Pycnarmon glaucias

Scientific classification
- Kingdom: Animalia
- Phylum: Arthropoda
- Class: Insecta
- Order: Lepidoptera
- Family: Crambidae
- Genus: Pycnarmon
- Species: P. glaucias
- Binomial name: Pycnarmon glaucias (Meyrick, 1894)
- Synonyms: Aripana glaucias Meyrick, 1894;

= Pycnarmon glaucias =

- Authority: (Meyrick, 1894)
- Synonyms: Aripana glaucias Meyrick, 1894

Species of moth

Pycnarmon glaucias is a moth in the family Crambidae. It was described by Edward Meyrick in 1894. It is found on the island of Borneo.
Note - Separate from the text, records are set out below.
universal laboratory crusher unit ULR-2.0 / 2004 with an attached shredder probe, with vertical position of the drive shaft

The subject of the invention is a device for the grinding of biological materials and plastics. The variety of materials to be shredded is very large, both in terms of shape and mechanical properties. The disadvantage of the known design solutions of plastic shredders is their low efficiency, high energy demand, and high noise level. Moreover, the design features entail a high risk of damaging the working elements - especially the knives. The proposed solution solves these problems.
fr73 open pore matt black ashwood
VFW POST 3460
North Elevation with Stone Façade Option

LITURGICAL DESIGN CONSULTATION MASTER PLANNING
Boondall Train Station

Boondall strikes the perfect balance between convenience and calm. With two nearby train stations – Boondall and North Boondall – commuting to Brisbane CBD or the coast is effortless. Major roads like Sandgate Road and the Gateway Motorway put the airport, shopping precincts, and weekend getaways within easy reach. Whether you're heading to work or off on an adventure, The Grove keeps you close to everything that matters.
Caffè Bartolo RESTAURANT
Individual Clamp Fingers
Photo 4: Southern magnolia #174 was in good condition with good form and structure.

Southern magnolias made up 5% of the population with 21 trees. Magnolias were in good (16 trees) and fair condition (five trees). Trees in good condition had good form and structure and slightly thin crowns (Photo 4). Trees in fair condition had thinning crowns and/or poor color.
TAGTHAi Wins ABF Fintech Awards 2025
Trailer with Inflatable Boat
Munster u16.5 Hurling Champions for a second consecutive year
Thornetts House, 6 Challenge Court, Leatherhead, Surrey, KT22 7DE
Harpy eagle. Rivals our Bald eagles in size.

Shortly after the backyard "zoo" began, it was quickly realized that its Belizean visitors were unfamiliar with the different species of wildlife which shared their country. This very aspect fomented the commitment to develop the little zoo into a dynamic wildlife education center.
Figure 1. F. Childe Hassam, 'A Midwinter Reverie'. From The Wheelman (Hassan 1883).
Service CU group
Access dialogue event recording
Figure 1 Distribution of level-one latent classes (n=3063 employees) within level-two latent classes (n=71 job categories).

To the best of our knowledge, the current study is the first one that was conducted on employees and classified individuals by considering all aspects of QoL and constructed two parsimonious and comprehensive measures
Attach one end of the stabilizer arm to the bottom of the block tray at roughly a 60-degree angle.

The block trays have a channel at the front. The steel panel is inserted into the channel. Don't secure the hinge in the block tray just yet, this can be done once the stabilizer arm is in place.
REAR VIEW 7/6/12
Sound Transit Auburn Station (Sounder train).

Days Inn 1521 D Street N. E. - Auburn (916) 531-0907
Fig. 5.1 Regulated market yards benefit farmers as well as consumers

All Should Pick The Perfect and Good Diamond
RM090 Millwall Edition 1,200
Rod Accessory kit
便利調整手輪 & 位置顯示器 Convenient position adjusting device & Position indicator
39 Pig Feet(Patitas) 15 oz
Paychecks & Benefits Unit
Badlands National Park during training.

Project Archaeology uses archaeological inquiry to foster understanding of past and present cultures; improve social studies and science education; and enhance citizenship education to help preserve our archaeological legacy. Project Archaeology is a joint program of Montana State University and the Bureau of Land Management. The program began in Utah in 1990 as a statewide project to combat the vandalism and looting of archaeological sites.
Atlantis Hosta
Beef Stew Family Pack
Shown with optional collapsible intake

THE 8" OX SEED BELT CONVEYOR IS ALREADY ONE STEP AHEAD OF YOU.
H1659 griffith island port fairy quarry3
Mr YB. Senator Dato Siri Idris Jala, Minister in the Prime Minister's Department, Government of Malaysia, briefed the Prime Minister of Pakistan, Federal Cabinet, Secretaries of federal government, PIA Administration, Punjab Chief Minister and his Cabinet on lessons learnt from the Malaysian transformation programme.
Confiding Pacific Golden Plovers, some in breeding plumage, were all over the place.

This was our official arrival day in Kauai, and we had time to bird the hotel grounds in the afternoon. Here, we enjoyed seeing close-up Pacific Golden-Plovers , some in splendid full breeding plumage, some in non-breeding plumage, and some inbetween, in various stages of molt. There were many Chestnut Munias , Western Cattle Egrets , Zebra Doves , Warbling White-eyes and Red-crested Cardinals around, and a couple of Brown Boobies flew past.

The wingspan of this species is about 28 mm (1.1 in). The forewings are white with a greyish-ochreous subcostal streak from the base to beyond the middle and black basal and subbasal dots on the costa. The lines are pale greyish ochreous, broad and fascia like. There is a round black discal spot and a black dot on the costa, and another, whitish centred, on the costal end of the second line. There is a pale greyish-ochreous hindmarginal streak, preceded by a black dot below middle. The hindwings are white with a black discal dot, the second line and posterior markings as in the forewings.